Opinion
93702.
Decided and Entered: June 17, 2004.
Appeals from six decisions of the Workers' Compensation Board, filed May 7, 2002, June 3, 2002, June 14, 2002, June 25, 2002, July 2, 2002 and July 15, 2002, which ruled, inter alia, that the employer was not entitled to full reimbursement for certain benefits paid.
Stroock Stroock Lavan L.L.P., New York City (Martin Minkowitz of counsel), for appellant.
Fine, Olin, Anderman P.C., New York City (David J. Wukitsch of McNameee, Lochner, Titus Williams P.C., Albany, of counsel), for Edward Brown Jr. and others, respondents.
Eliot Spitzer, Attorney General, New York City (Patrick J. Walsh of counsel), for Workers' Compensation Board, respondent.
Before: Spain, J.P., Carpinello, Mugglin and Rose, JJ.
MEMORANDUM AND ORDER
These six cases, while not among the 974 cases for which Staruch v. New York Tel. Co. ( 277 A.D.2d 830, lv dismissed, lv denied 96 N.Y.2d 852) was designated the lead case, present once again the issue of whether an employer's right to recover moneys paid pursuant to an employee benefit plan from a later workers' compensation schedule award is governed by Workers' Compensation Law § 25 (4)(a) or (c). We hold that the principles of collateral estoppel and stare decisis both apply to bar appellate review of this issue for the third time (see Staruch v. New York Tel. Co., 304 A.D.2d 867). Collateral estoppel applies where the identical issue was previously necessarily decided and the party against whom the doctrine will be applied had a full and fair opportunity to contest the issue (see Sterling Ins. Co. v. Chase, 287 A.D.2d 892, 893). Both requirements are satisfied in this case. The doctrine of stare decisis also operates to prevent reexamination of issues once resolved (see People v. Bing, 76 N.Y.2d 331, 338; Moore v. City of Albany, 98 N.Y. 396, 410). Hundreds of cases have been or are now being processed by the Workers' Compensation Board in conformity with this Court's two Staruch decisions, presenting a compelling reason not to reexamine and change the established rules.

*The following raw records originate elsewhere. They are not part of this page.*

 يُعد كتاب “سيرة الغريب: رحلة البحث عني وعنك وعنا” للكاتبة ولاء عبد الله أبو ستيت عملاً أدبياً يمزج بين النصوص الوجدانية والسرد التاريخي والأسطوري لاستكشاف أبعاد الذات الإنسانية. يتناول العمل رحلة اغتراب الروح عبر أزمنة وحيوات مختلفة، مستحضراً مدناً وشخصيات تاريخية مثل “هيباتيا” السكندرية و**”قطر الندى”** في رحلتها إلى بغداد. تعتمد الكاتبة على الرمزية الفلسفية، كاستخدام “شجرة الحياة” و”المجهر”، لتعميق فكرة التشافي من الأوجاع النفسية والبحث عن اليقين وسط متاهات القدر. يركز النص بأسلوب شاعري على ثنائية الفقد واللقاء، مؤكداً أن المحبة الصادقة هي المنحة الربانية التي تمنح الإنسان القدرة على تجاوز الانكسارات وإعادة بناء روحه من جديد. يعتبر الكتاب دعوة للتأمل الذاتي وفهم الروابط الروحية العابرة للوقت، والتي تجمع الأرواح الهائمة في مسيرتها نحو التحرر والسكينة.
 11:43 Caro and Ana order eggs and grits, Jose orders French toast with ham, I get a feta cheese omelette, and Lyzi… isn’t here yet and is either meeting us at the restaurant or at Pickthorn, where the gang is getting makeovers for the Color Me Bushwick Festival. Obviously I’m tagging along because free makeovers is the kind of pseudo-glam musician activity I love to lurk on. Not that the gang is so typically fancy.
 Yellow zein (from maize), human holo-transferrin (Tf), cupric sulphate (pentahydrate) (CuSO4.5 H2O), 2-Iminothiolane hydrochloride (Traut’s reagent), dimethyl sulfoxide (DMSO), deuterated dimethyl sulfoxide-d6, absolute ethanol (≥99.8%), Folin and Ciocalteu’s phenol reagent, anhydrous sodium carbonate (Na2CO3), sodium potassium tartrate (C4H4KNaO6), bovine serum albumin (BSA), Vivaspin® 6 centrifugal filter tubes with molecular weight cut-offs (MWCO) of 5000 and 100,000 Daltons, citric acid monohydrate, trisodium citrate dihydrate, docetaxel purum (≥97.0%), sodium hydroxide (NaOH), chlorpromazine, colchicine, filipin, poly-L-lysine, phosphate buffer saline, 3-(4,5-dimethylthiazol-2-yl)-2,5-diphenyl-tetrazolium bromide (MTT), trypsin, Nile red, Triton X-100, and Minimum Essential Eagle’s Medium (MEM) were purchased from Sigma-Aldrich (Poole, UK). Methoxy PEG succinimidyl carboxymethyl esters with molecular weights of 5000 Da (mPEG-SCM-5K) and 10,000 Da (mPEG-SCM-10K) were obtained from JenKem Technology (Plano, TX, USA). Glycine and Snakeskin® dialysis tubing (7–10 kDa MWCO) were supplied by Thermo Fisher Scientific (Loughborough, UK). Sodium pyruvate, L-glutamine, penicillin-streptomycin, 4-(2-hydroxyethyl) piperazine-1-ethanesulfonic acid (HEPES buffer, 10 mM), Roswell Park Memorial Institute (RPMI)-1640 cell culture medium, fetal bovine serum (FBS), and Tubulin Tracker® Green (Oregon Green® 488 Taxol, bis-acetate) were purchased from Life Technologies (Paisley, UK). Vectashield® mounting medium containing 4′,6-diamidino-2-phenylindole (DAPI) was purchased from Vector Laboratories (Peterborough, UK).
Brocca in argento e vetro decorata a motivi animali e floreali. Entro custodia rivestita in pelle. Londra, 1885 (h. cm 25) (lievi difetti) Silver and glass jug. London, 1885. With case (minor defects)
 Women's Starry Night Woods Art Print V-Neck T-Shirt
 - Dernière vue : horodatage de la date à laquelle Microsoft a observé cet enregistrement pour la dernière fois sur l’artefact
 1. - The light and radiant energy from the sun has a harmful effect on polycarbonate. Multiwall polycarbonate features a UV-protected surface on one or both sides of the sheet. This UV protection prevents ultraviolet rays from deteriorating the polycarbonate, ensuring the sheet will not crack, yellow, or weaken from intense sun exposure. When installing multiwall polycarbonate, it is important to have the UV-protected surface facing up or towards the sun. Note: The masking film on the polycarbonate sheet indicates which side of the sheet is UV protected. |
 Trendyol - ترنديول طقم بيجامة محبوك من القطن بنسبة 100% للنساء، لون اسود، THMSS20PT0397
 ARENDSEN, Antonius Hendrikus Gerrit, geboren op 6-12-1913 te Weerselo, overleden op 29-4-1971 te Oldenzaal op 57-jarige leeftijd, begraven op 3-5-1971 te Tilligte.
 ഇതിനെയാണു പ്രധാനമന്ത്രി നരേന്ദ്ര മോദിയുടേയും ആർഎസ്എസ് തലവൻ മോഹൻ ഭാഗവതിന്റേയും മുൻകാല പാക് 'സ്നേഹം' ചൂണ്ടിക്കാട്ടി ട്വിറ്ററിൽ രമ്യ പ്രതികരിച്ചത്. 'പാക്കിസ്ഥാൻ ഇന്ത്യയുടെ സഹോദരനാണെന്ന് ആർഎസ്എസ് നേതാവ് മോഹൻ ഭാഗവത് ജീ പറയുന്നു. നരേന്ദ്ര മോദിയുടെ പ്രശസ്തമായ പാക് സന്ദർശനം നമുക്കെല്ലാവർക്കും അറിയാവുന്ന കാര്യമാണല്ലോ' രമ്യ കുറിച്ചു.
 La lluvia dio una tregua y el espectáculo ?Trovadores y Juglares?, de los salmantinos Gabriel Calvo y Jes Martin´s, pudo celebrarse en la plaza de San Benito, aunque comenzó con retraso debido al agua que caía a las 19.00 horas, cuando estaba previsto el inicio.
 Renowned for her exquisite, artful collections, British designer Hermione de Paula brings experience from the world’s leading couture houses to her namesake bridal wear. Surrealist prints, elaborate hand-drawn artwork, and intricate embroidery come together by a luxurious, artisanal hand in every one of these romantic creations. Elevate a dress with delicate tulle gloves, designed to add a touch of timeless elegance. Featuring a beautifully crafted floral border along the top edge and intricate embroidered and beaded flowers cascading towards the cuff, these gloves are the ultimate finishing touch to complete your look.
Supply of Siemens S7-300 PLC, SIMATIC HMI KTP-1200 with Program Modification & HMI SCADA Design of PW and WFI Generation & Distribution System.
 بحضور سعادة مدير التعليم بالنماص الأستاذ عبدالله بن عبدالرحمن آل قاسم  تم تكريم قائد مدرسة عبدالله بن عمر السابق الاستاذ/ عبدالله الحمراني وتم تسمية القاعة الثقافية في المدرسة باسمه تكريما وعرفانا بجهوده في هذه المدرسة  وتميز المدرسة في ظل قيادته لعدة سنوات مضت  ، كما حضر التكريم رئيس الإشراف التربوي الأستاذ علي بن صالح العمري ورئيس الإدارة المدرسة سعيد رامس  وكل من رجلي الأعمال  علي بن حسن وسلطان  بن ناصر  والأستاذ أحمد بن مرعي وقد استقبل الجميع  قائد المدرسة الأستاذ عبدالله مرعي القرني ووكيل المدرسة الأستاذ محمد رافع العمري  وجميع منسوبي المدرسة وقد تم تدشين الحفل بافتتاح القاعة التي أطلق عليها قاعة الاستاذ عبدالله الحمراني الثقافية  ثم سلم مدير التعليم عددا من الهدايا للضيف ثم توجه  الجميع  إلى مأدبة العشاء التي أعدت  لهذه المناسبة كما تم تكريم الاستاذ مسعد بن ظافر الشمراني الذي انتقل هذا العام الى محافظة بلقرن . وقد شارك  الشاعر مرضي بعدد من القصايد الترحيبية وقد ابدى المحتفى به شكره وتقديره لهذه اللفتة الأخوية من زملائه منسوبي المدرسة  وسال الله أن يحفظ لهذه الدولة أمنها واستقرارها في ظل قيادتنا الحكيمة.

We disagree with the employer's contention that the case of claimant Richard D'Arpe is factually distinguishable because the employer filed proof of the terms of the plan as required by Workers' Compensation Law § 25 (4)(c). Notably, the filing occurred September 4, 2001, after the award of compensation was made on August 30, 2001.
Lastly, for the same reasons expressed in our second Staruch decision (Staruch v. New York Tel. Co., 304 A.D.2d 867, 869, supra), we decline to address whether the Employee Retirement Income Security Act ( 29 U.S.C. § 1001 et seq.) preempts Workers' Compensation Law § 25 (4)(c) and defer that issue to a case where it is squarely presented.
Spain, J.P., Carpinello and Rose, JJ., concur.
ORDERED that the decisions are affirmed, without costs.